DATASET EXCERPTS:
- - - - - - -

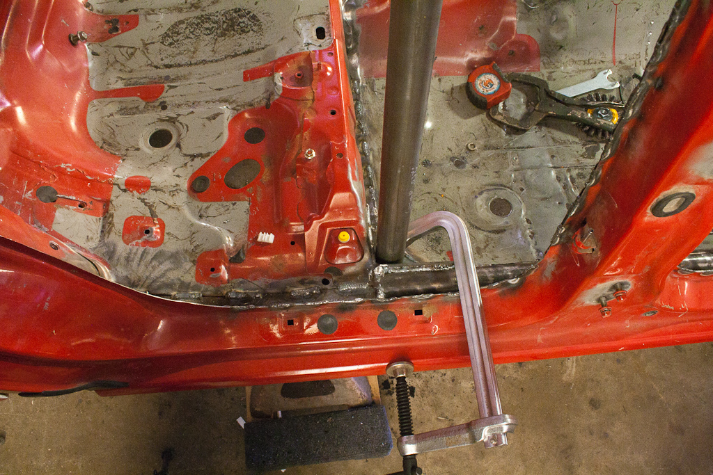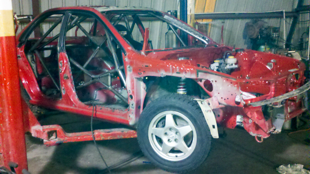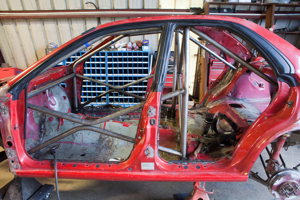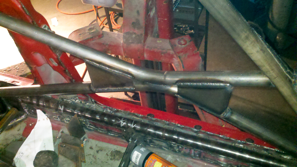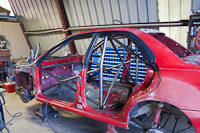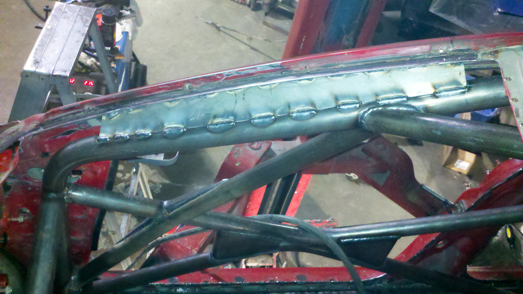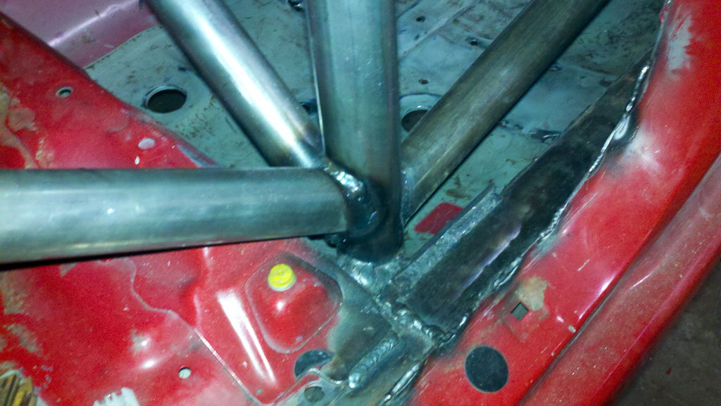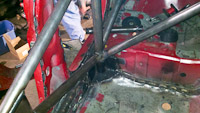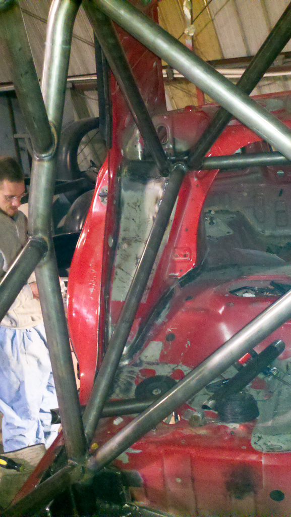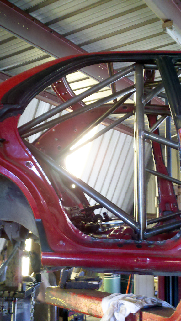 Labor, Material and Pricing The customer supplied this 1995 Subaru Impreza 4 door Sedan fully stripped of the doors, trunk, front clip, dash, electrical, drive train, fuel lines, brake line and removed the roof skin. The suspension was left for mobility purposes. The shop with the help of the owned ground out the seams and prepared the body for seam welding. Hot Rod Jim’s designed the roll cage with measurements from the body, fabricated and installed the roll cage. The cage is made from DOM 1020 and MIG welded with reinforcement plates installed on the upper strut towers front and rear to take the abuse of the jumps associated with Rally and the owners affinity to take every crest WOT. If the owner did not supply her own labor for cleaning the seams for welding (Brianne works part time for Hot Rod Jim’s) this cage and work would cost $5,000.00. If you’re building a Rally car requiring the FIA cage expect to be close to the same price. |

- - - - - - -

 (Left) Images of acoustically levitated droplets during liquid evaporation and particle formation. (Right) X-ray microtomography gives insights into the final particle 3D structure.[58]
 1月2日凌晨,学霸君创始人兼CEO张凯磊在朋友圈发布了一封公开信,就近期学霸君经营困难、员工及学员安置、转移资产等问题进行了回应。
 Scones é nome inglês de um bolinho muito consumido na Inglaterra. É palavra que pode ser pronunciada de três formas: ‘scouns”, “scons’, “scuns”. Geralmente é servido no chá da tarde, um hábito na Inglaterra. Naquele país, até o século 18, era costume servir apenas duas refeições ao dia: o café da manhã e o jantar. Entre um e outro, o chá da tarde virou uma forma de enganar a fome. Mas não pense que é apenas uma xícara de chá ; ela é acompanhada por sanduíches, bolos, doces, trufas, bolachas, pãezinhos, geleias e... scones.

- - - - - - -

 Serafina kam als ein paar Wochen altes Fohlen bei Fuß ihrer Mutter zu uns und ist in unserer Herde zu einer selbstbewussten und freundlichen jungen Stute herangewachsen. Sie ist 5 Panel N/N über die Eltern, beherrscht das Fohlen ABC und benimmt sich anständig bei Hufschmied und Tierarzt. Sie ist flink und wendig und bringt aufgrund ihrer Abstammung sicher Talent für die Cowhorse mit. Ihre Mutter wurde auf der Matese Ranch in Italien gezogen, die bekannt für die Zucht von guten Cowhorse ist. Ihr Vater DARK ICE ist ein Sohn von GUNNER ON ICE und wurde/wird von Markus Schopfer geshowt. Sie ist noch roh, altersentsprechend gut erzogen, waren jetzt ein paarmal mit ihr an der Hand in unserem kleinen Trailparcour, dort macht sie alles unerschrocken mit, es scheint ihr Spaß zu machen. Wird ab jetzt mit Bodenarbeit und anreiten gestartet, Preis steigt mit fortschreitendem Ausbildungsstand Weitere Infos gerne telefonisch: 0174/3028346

- - - - - - -

ASSIGNED TASK:
From the records above, give again exactly the lines running from the line with "(Left) Images of" to the line with "1月2日凌晨,学霸君创始人兼", inclusive.

OUTPUT:
 (Left) Images of acoustically levitated droplets during liquid evaporation and particle formation. (Right) X-ray microtomography gives insights into the final particle 3D structure.[58]
 1月2日凌晨,学霸君创始人兼CEO张凯磊在朋友圈发布了一封公开信,就近期学霸君经营困难、员工及学员安置、转移资产等问题进行了回应。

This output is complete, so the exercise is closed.